Exercise goal
Using the material below, repeat exactly the lines from the one with "メニューは牛乳、ココア揚げパ" through the one with "其他艺术类特殊专业文化线按教", ends included, without any images.

Material for this exercise
====
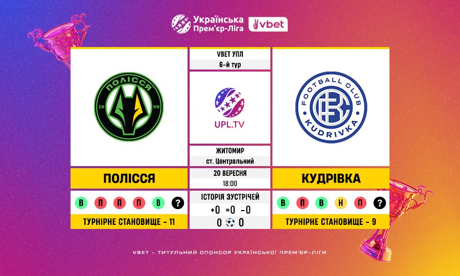 Football.ua запрошує Вас на текстову онлайн-трансляцію 6-го туру Української Прем'єр-ліги, у якому беруть участь житомирське Полісся та Кудрівка.
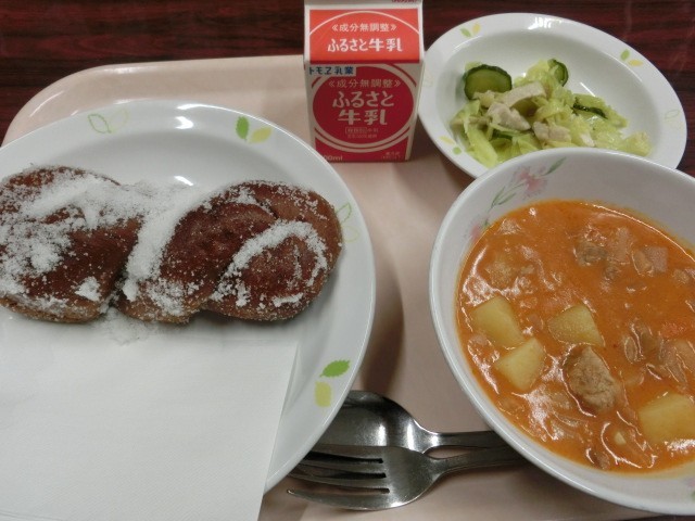 メニューは牛乳、ココア揚げパン、ハンガリアンシチュー、ハムサラダです。ココア揚げパンは砂糖ががかりスイーティな味わいです。バレンタインデーにちなんだメニューです。残さず食べましょう。
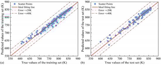 Figure 17 shows the prediction results of the model on the training and testing sets. Overall, the RF model did not produce any significantly erroneous predictions across all datasets. Furthermore, the performance of the RF model on the training and testing sets was consistent, indicating no obvious overfitting.
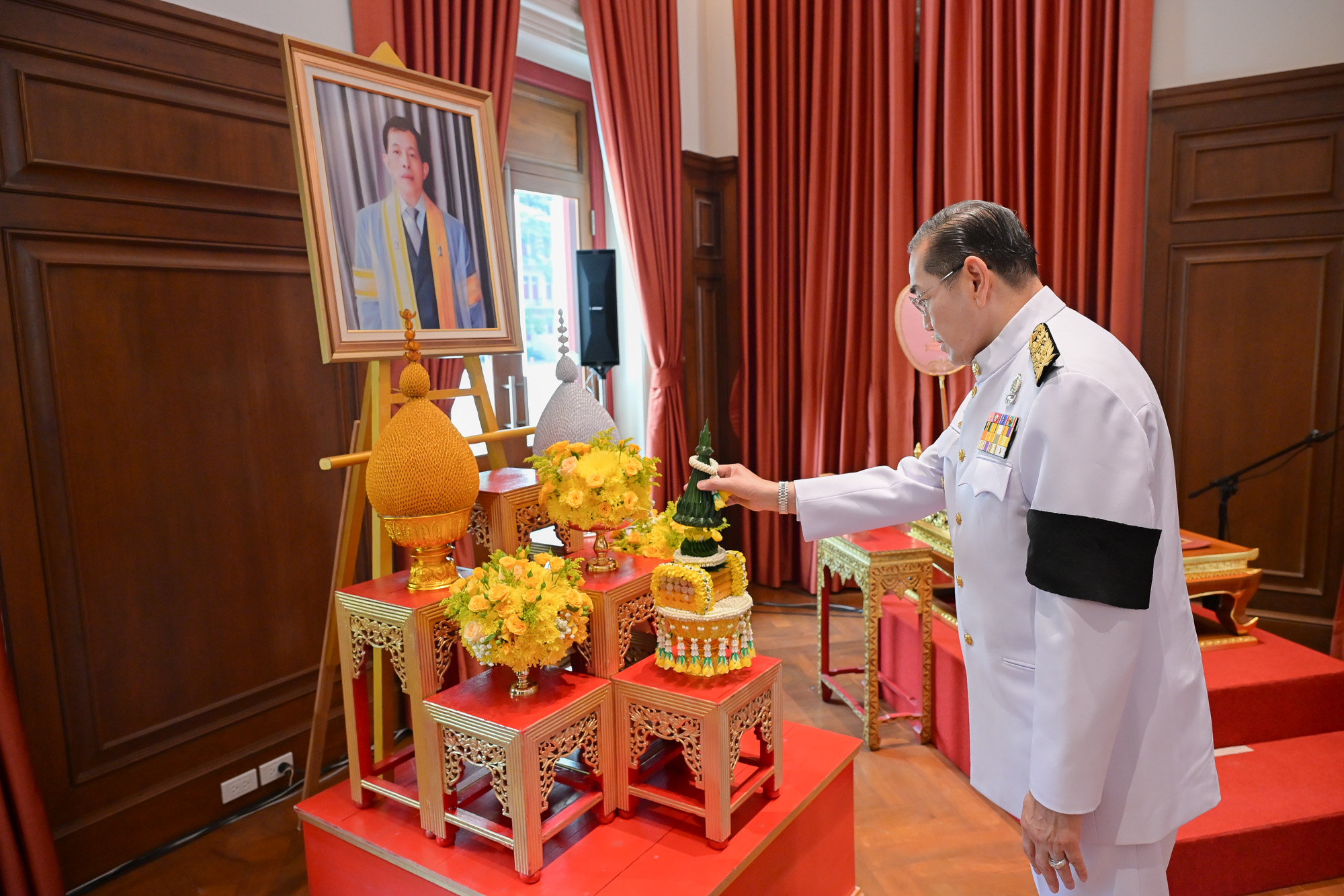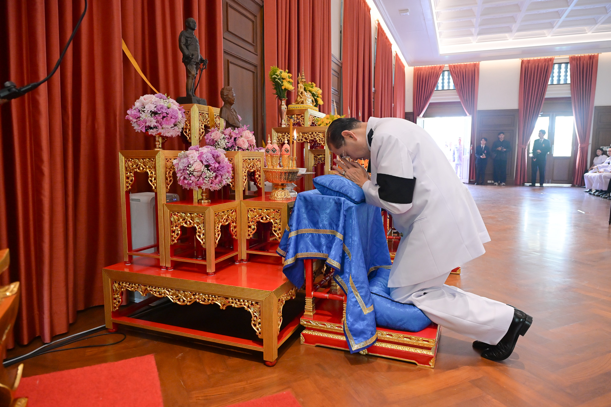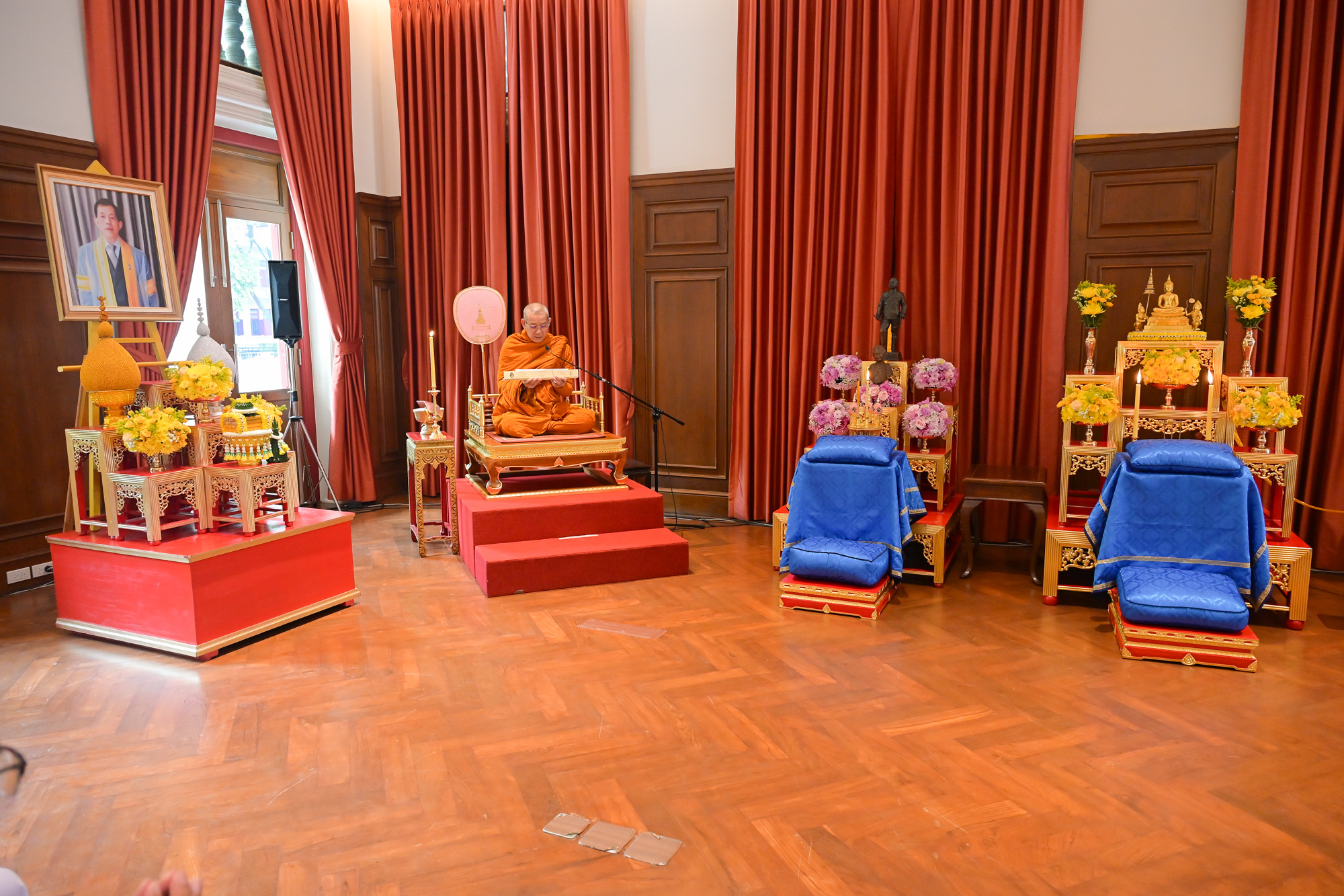 ในการนี้ ศ. (พิเศษ) ดร.สุรเกียรติ์ เสถียรไทย นายกสภามหาวิทยาลัย ประธานในพิธีบำเพ็ญกุศล จุดธูปเทียนบูชาพระรัตนตรัย จุดเครื่องทองน้อยถวายสักการะพระบรมรูปพระบาทสมเด็จพระปรเมนทรรามาธิบดีศรีสินทรมหาวชิราวุธ พระมงกุฎเกล้าเจ้าอยู่หัว พระมหาธีรราชเจ้า และพระรูปสมเด็จพระเจ้าบรมวงศ์เธอ เจ้าฟ้าเพชรรัตนราชสุดาฯ สิริโสภาพัณณวดี กรมพระนครปฐมบรมขัตติยานี มหาธีรราชธิดา และจุดเทียนดูหนังสือเทศน์และเครื่องบูชาธรรม พระราชาคณะแสดงพระธรรมเทศนา พระสงฆ์ 10 รูปสวดพระพุทธมนต์
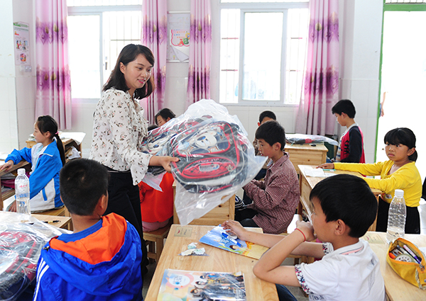 圖為蘇明娟給母校金寨三合實(shí)驗學(xué)校的學(xué)生們發(fā)放禮物
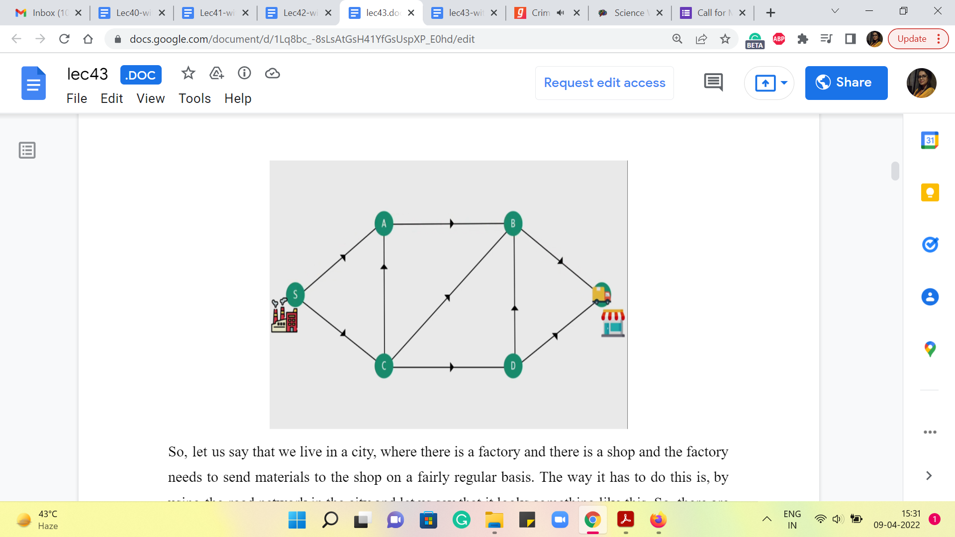 And let us say this keeps happening to the point where you are given numbers for every road in the network. And you are told that look this road can only handle so much traffic at a time. And now you are just back to the drawing board and you are trying to figure out, what is the maximum number of trucks that I can send simultaneously from the factory to the shop.
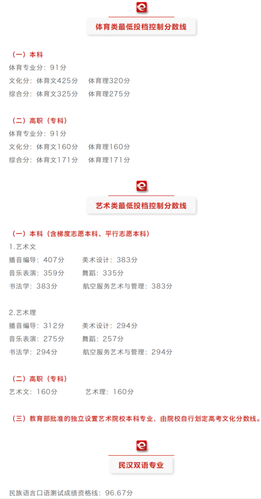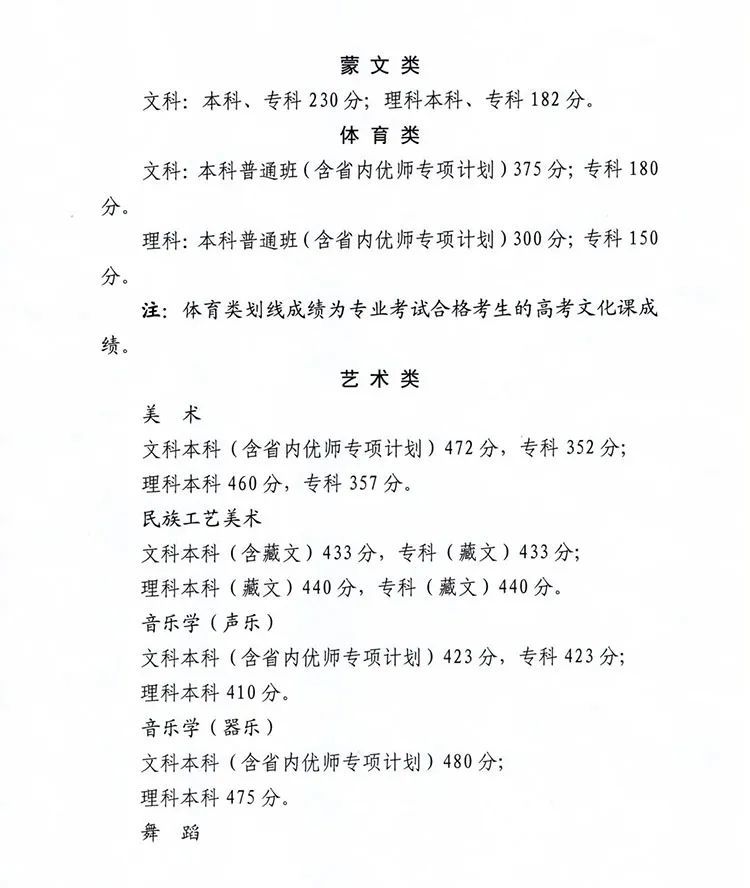 其他艺术类特殊专业文化线按教育部《普通高等学校本科专业目录(2020年版)》及新增专业目录所对应的专业类文化线执行。
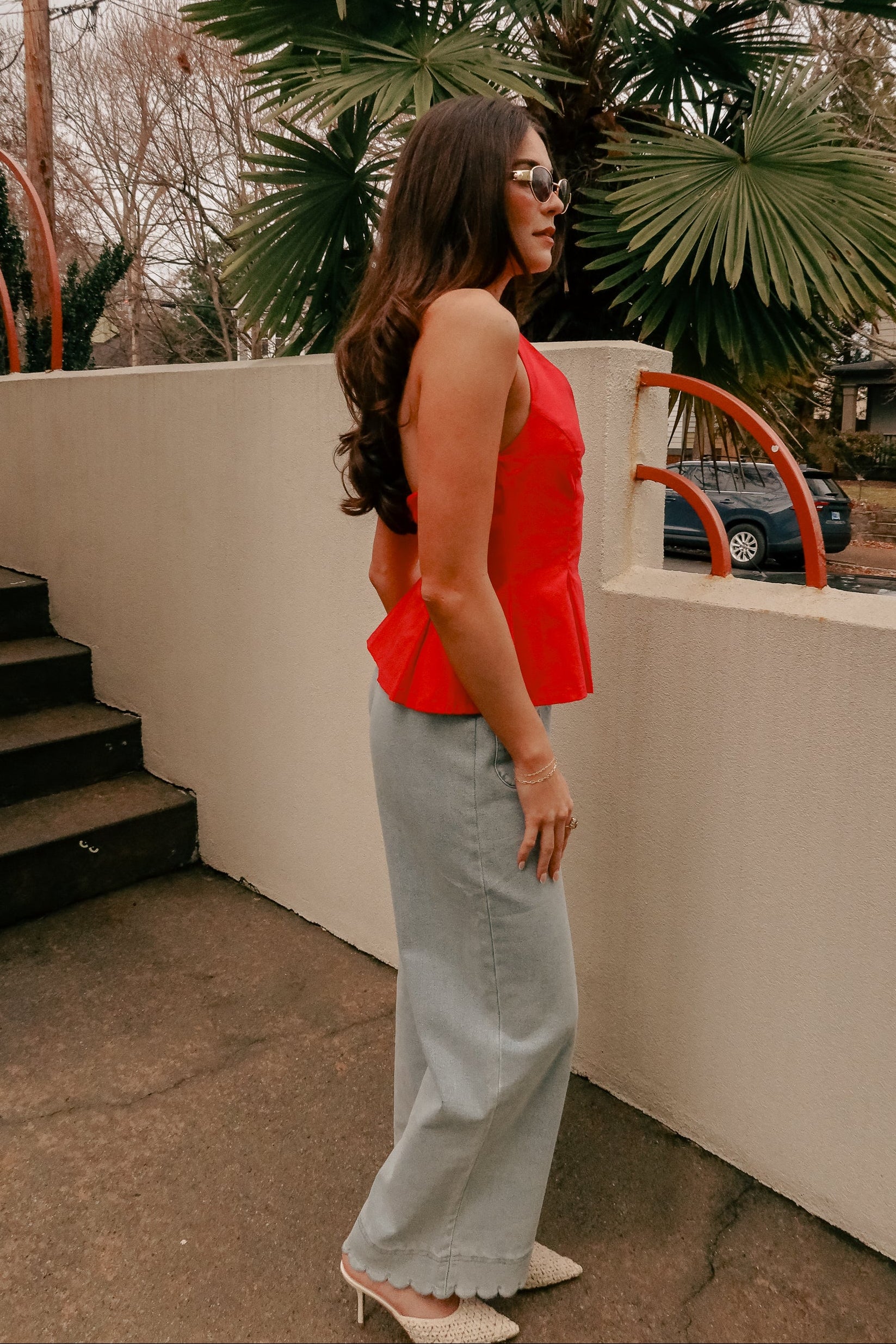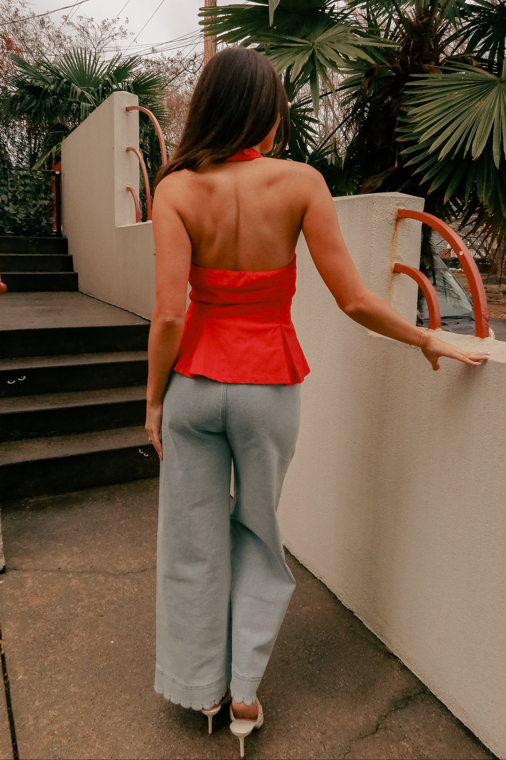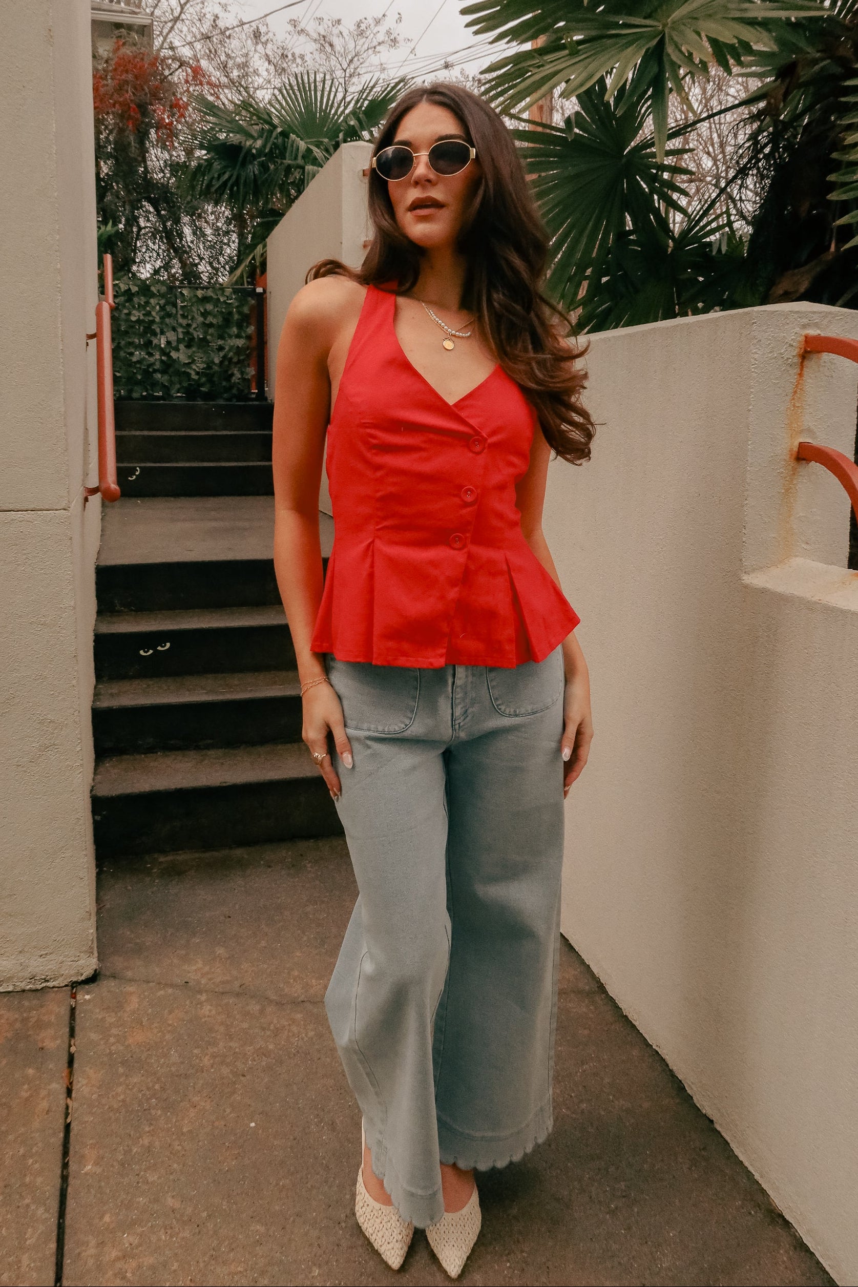Bold, breezy, and effortlessly striking — the Elani Red Flare Halter Tank is your statement piece of the season. Crafted from lightweight red linen with a matching red lining, this tank delivers breathable comfort with a vibrant monochrome finish.
====
Answer to the exercise
 メニューは牛乳、ココア揚げパン、ハンガリアンシチュー、ハムサラダです。ココア揚げパンは砂糖ががかりスイーティな味わいです。バレンタインデーにちなんだメニューです。残さず食べましょう。
 Figure 17 shows the prediction results of the model on the training and testing sets. Overall, the RF model did not produce any significantly erroneous predictions across all datasets. Furthermore, the performance of the RF model on the training and testing sets was consistent, indicating no obvious overfitting.
 ในการนี้ ศ. (พิเศษ) ดร.สุรเกียรติ์ เสถียรไทย นายกสภามหาวิทยาลัย ประธานในพิธีบำเพ็ญกุศล จุดธูปเทียนบูชาพระรัตนตรัย จุดเครื่องทองน้อยถวายสักการะพระบรมรูปพระบาทสมเด็จพระปรเมนทรรามาธิบดีศรีสินทรมหาวชิราวุธ พระมงกุฎเกล้าเจ้าอยู่หัว พระมหาธีรราชเจ้า และพระรูปสมเด็จพระเจ้าบรมวงศ์เธอ เจ้าฟ้าเพชรรัตนราชสุดาฯ สิริโสภาพัณณวดี กรมพระนครปฐมบรมขัตติยานี มหาธีรราชธิดา และจุดเทียนดูหนังสือเทศน์และเครื่องบูชาธรรม พระราชาคณะแสดงพระธรรมเทศนา พระสงฆ์ 10 รูปสวดพระพุทธมนต์
 圖為蘇明娟給母校金寨三合實(shí)驗學(xué)校的學(xué)生們發(fā)放禮物
 And let us say this keeps happening to the point where you are given numbers for every road in the network. And you are told that look this road can only handle so much traffic at a time. And now you are just back to the drawing board and you are trying to figure out, what is the maximum number of trucks that I can send simultaneously from the factory to the shop.
 其他艺术类特殊专业文化线按教育部《普通高等学校本科专业目录(2020年版)》及新增专业目录所对应的专业类文化线执行。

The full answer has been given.